The bituminous coal has been hitherto used as fuel in the taich-furnaces of several estates, where it has been combined with megass, and likewise with bituminous clay to prevent its rapid melting and running into a tar, by which a great portion of it is lost, as it runs through the bars of the furnace-grate without igniting. In Wales the labouring class resort to a compound of the small coal which is quite unmanageable for firing, and mixing it with turf and clay into balls, it is dried and used as firing, and is said to give a steady glowing heat without much flame. Asphalt has been extensively used by engravers in the preparation of their varnishes.
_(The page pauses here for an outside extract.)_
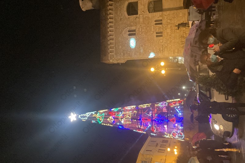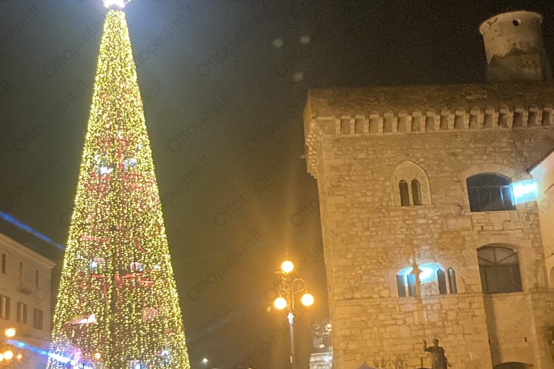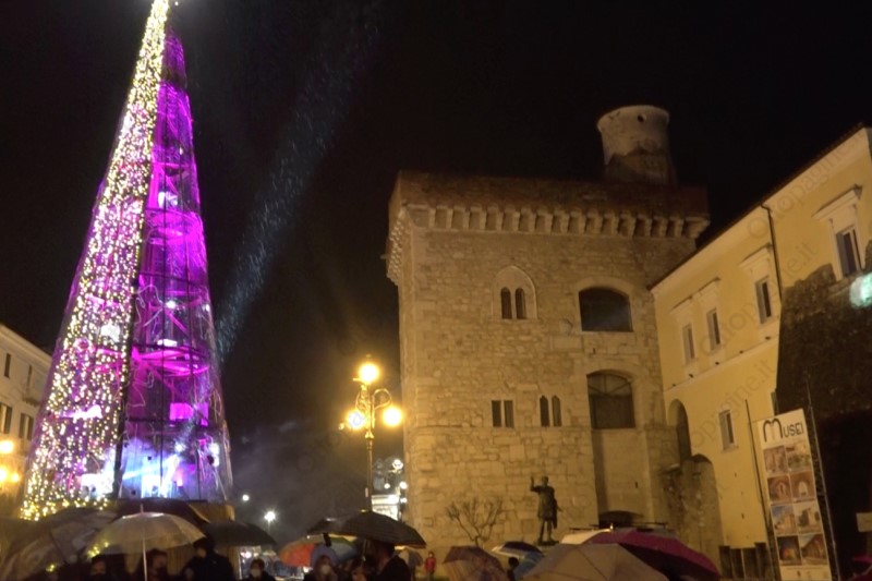 Benevento. Acceso il maxi albero di Natale, la pioggia non spegne l'entusiasmo
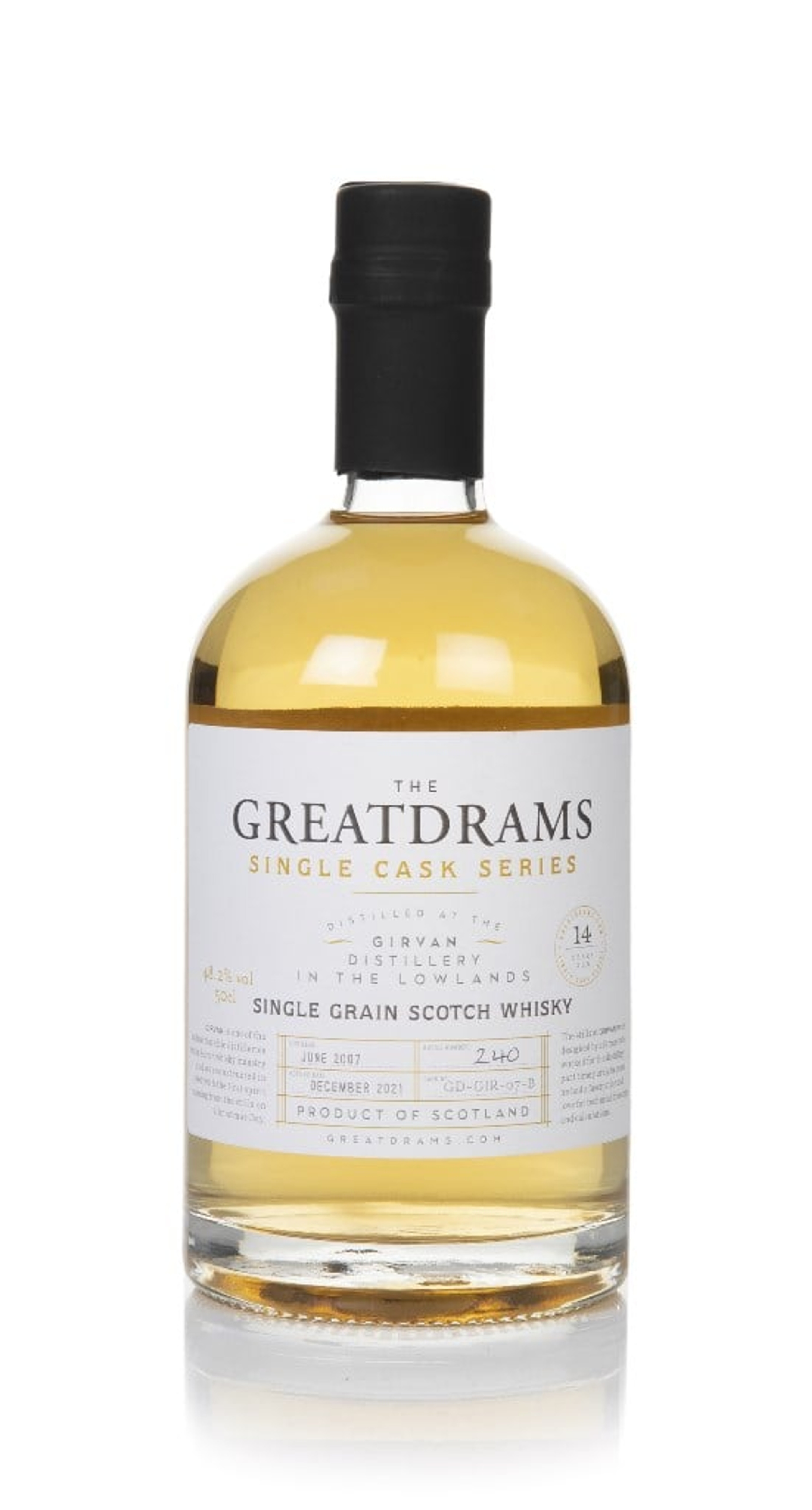 Smashing single grain Scotch whisky from the Girvan Distillery, which has been independently bottled by GreatDrams. This is a 14 year old expression, matured in an ex-bourbon hogshead, and boasting a brilliant buttery flavour profile. Top stuff for the grain faithful.

The existence of springs saturated with sulphuretted hydrogenous gas has been already alluded to. Such a spring near Mount All, called "the Pottery," attracted some attention in 1830, and it was examined by Dr. Doyle, Surgeon to the Forces, Drs. I. J. Ferguson, and R. C. Thomas. The first gentleman came to the conclusion, after a hasty examination, that the water in this spring, on the surface of which floated naphtha or green Barbados tar, resembled the water of the "Bain de l'Empereur" at Aix-la-Chapelle. Its odour was that of rotten eggs, and its savour not very disagreeable. Dr. Doyle was so forcibly struck with the great resemblance between them, that it appeared to him in tasting the water at the source, nothing was wanting but the caloric and air-bubbles of the waters of Aix to enable him to pronounce upon their identity. He considered that the waters of the Pottery spring possessed qualities of a rare and precious kind, and might. be beneficially employed for the cure of cutaneous maladies, as well as for those complaints termed obstructions

1 Dr. H. W. Hofmann, Professor at the Royal College of Chemistry in London, has been kind enough to analyse this gas. I subjoin his description :-"The gas is perfectly inodorous and colourless; it burns with a light bluish flame and without explosion. The absence of olefiant gas could be immediately seen from the appearance of the flame. The gas was tested for oxygen and for carbonic acid; for the former by small phosphorous balls, for the latter by potassa balls. Both these gases were found to be absent. The gas was analysed by the common eudiometrical process: oxygen was introduced into the gas deflagrated, and the carbonic acid formed, and absorbed by potassa; after which the respective volumes were observed. From these observations the gas was found to be pure light carburetted hydrogen (marshgas, fire-damp) CH2 containing one equivalent of carbon and two equivalents of hydrogen, or in 100 parts, there were 75 parts of carbon, and 25 parts of hydrogen."* 2 Barbados Agricultural Reporter, vol. i. p. 179.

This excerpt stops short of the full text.